TASK TO COMPLETE.
When you reach the line containing "In 1935, the" in the records below, start copying exactly, and stop once you have copied the line containing "REGISTRATION INFORMATION REGISTRATION".

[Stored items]
*** Block opens ***

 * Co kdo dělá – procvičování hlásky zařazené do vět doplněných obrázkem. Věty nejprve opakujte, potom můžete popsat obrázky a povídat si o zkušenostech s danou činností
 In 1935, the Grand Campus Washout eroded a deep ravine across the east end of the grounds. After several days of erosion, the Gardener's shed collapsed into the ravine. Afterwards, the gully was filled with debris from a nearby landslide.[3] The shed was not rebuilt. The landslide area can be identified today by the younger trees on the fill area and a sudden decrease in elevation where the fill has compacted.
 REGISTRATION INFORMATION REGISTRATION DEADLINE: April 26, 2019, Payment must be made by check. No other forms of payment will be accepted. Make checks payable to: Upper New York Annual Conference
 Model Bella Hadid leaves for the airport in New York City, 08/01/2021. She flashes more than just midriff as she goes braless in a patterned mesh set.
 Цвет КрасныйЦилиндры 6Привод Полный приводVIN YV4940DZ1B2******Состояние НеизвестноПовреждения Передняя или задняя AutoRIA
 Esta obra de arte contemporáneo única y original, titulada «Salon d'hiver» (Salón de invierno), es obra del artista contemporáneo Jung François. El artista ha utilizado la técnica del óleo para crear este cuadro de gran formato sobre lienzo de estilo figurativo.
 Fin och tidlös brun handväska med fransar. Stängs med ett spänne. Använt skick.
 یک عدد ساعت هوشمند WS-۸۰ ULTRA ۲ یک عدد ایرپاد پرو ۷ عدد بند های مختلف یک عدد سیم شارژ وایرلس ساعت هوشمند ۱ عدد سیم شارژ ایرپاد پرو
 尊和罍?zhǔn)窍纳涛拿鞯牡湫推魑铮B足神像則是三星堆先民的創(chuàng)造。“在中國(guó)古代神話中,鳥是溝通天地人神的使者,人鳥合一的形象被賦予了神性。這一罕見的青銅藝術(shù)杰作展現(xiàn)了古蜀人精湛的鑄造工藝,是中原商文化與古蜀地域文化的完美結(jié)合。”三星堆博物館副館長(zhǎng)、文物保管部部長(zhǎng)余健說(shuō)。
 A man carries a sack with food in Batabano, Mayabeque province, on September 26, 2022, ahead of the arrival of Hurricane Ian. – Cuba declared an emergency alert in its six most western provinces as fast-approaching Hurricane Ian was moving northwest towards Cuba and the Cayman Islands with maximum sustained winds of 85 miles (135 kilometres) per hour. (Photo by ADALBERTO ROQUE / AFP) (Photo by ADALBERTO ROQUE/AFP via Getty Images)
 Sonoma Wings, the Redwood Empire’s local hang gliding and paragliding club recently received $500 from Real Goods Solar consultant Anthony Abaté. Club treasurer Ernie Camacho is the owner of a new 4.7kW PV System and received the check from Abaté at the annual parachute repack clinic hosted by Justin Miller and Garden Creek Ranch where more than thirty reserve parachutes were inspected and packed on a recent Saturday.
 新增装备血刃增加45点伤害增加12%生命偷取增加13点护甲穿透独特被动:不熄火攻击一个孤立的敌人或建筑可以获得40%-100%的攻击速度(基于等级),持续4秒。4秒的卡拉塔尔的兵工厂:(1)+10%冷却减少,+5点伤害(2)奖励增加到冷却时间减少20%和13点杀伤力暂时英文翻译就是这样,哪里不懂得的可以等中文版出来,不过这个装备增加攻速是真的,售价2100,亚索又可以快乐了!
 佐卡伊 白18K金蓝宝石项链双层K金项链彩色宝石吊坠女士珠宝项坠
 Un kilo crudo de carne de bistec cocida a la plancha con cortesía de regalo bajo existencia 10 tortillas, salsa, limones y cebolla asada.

*** Block closes ***

SOLUTION TO THIS EXERCISE.
 In 1935, the Grand Campus Washout eroded a deep ravine across the east end of the grounds. After several days of erosion, the Gardener's shed collapsed into the ravine. Afterwards, the gully was filled with debris from a nearby landslide.[3] The shed was not rebuilt. The landslide area can be identified today by the younger trees on the fill area and a sudden decrease in elevation where the fill has compacted.
 REGISTRATION INFORMATION REGISTRATION DEADLINE: April 26, 2019, Payment must be made by check. No other forms of payment will be accepted. Make checks payable to: Upper New York Annual Conference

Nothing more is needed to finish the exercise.